Лиам не двигался и не глядел на нее. Он хотел, чтобы она ушла, но еще сильнее хотел, чтобы она осталась.

– Я могу уйти…

– Нет! – Лиам ответил слишком поспешно. – Нет… молитесь, барышня, а я уйду.

Когда он собрался встать, Филомена села. Мягкая золотая ткань ее платья прижалась к грубой ткани его килта. Лиам пристально смотрел на тонкие нитки, выбившиеся из его шерстяной ткани, которые тянулись к ее шелковым юбкам, подчиняясь невидимому влечению. Точно как он сам.

– Вы пришли сюда на исповедь? – неуверенно задала она вопрос.

Звук хриплой усмешки отразился от гладких каменных стен:

– Я не держу священника в Рейвенкрофте.

У него не было желания исповедоваться в грехах перед человеком, которому пришлось бы взять на себя решение, будет он прощен или проклят. Жизнь научила его, что мужчины проходят испытание только битвой, где нет места добру или злу, а есть только сила или слабость. Ему не нужны были священники, он знал, что он собой представляет и куда будет отправлен, когда эта жизнь для него завершится.

– Тогда вы пришли сюда, чтобы быть ближе к Богу?

– Нет, барышня, чтобы быть подальше от моих демонов.

– Вот как.

Они немного посидели в молчании, при этом она разглаживала невидимую складку на юбке, а потом сложила руки на коленях, как примерная прихожанка.

Лиаму пришло в голову, что, возможно, она искала здесь священника.

– Неужели у вас есть грехи, в которых нужно исповедоваться, мисс Локхарт?

Он не знал, католичка она или нет, и вообще знал совсем мало об этой загадочной женщине, что сидела с ним рядом.

– Я прихожу сюда, чтобы молиться о прощении.

– О прощении? – повторил Лиам. – Какие же страшные грехи вы совершили, если нуждаетесь в прощении?

– Может быть, я не столько прошу о прощении, сколько о даровании способности прощать.

Когда Лиам наконец поднял голову, она глядела на него спокойно.

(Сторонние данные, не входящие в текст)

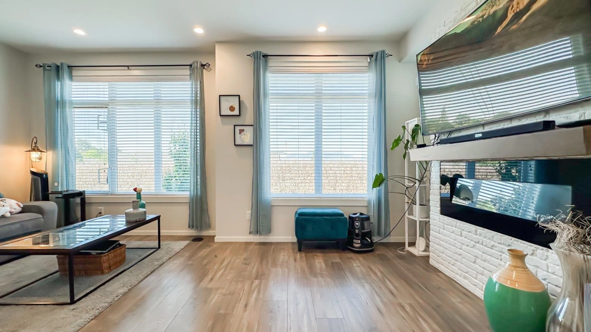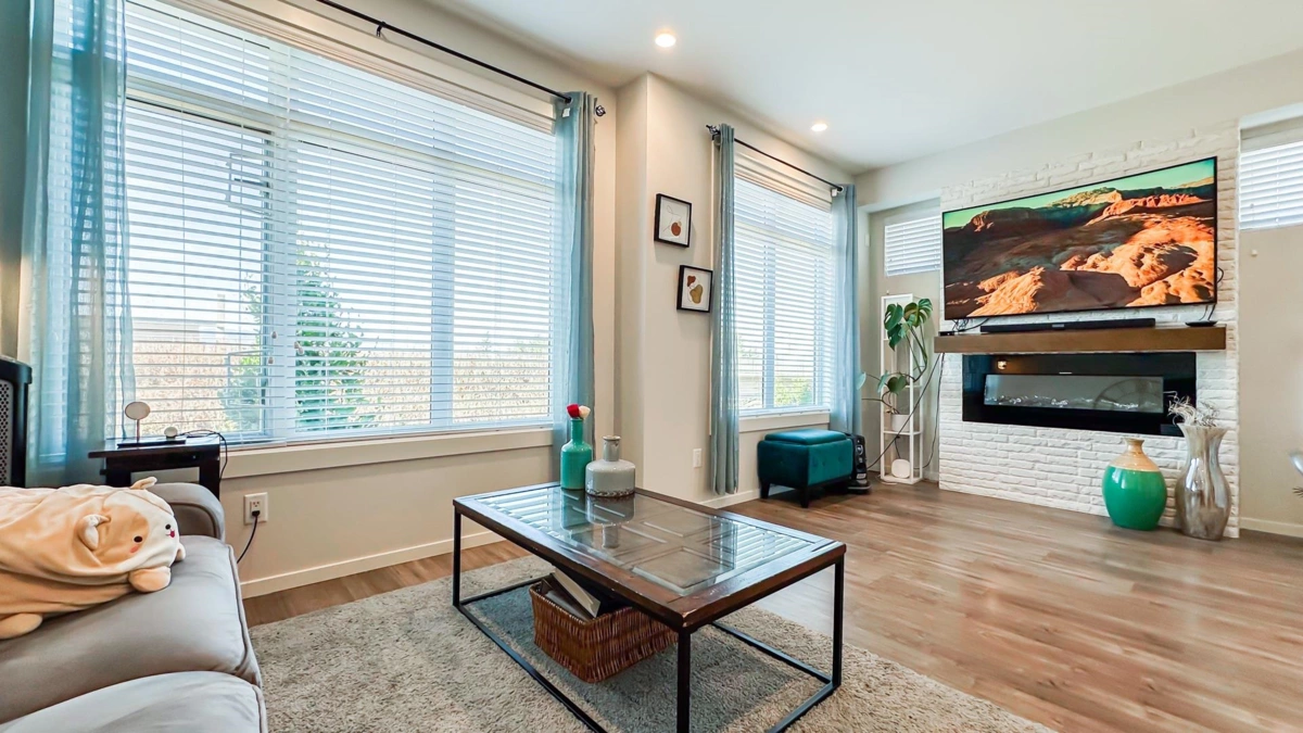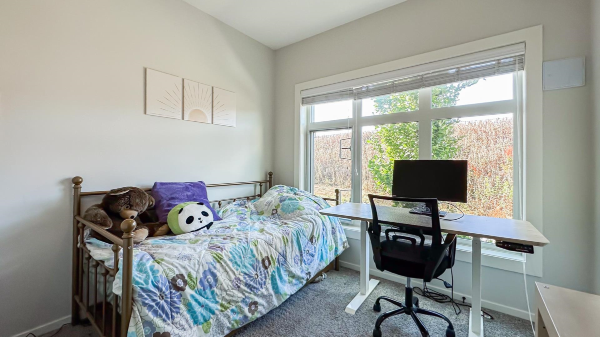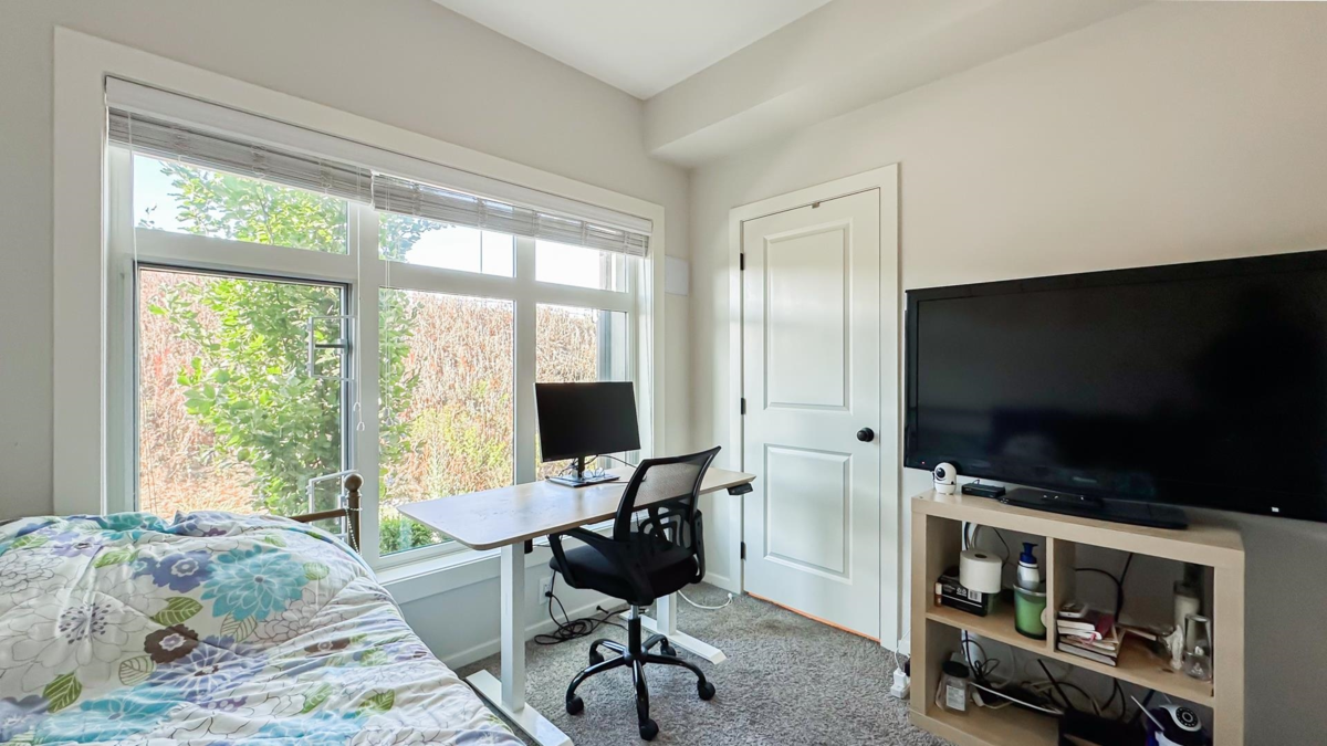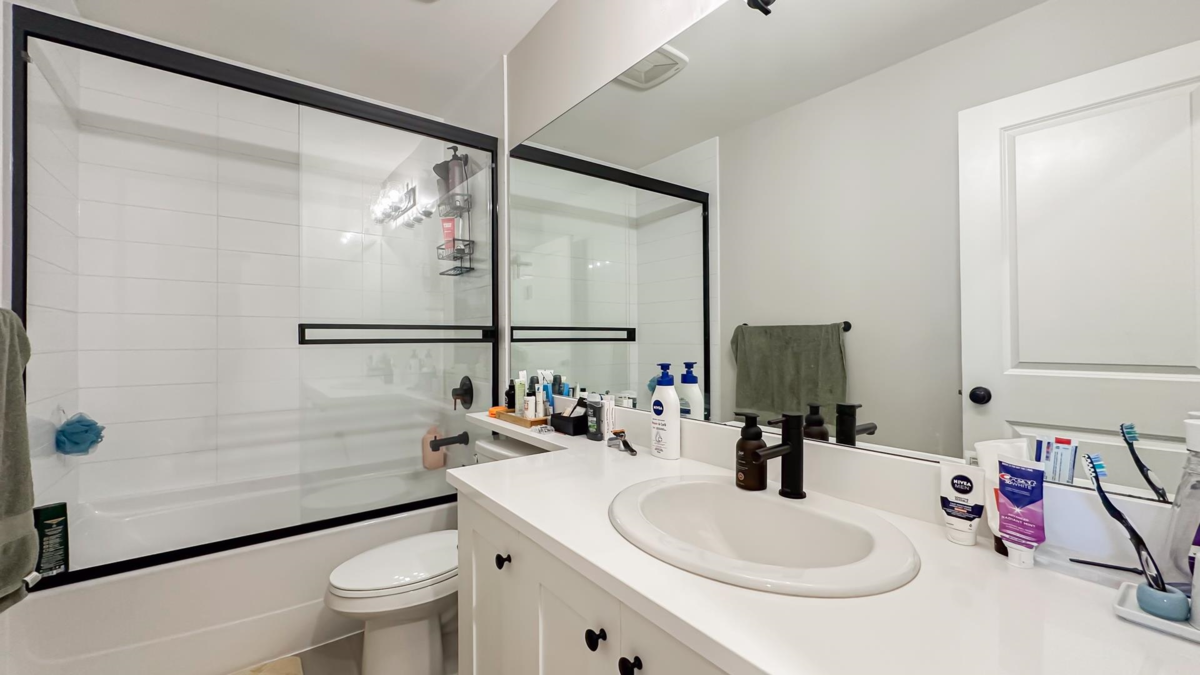 Corner unit! Modern 4 bed,4 bath Farmhouse-inspired design,almost 2,000 sqft of bright, modern living space.The main floor features open layout with 9' ceilings, oversized windows, & modern flr to ceiling white brick fplace. Kitchen is equipped w/ a large island, w-in pantry, quartz countertops, s/s appliances w/ soft close shaker style cabinets. The master bdrm has vaulted ceiling & chandelier + 2 gd sz bedrooms.Lower level has a 4th bdrm w/ ensuite full bath, storage room & mud room. Comfort features include a high-efficiency heat pump, on-demand hot water, Cen. A/C and spacious balcony with gas BBQ outlet.It has a side-by-side dbl car garage & 2 bikes storage w/ lots of extra storage space, EV ready! Snow capped mountain view in winter & the lavender fields in spring.Call now to view

В полутемной церкви, освещенной только лучами света, пробивающимися через цветные стекла витражей, она была настоящим воплощением святотатства. Никакой художник не мог бы изобразить подобное ангельское лицо, но ее полные губы внушали мужчинам только самые непристойные мысли, какие только можно вообразить. Тот момент, когда его взгляд упал на ее губы, она опустила голову и отвернулась.

– Не хочу сказать, что я безгрешна, – продолжала она. – Все мы совершали в прошлом поступки, которые потом нас преследуют. Которых мы стыдимся.

«Только некоторые совершают их больше других».